Rollovers and Safe Harbor Notices
Minnesota law allows transfers of single, lump-sum benefit payments by relief associations in certain situations. First, the relief association must be a qualified pension plan under the IRS Code, and second, it must be a plan that provides a single payment service pension. If those two conditions are met, then, at the written request of the retiring member, the relief association can transfer the member’s lump sum pension to the member’s individual retirement account (IRA).
In addition, if the two conditions are met, then upon the death of an active member and at the written request of the surviving spouse, the spouse’s survivor benefit may be transferred to the spouse’s IRA.

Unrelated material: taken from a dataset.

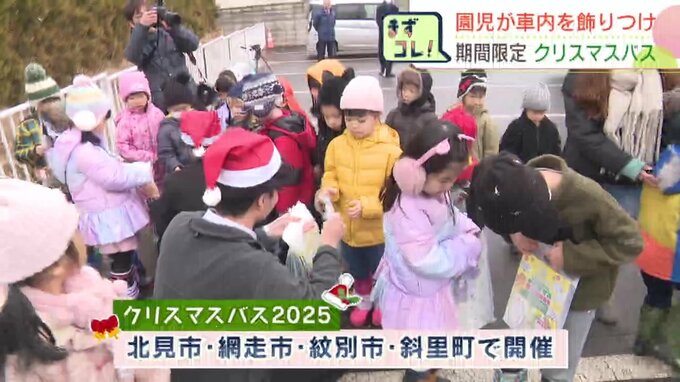 子どもたちが装飾する「クリスマスバス」は、オホーツク地方の4つの自治体で実施され、北見では、10日からクリスマス当日まで運行します。

Relief associations do not have authority to roll over service pensions or survivor benefits to 401(k) retirement plans.
In addition, relief associations are required under the Internal Revenue Code to provide a safe harbor notice to recipients of eligible rollover distributions. A safe harbor notice is a written explanation that describes the direct rollover rules, the mandatory income tax withholding rules for distributions not directly rolled over, the tax treatment of distributions not rolled over, and the circumstances when distributions may be subject to different restrictions and tax consequences after being rolled over.
For additional information regarding safe harbor notice requirements and sample safe harbor explanations, see Internal Revenue Notices 2009-68 and 2014-74.
Language is provided in the OSA’s Sample Bylaw Guides authorizing service pension rollovers to a retiring member’s IRA and survivor benefit rollovers to a surviving spouse’s IRA. The Sample Bylaw Guides are provided in both MS Word and Adobe PDF formats.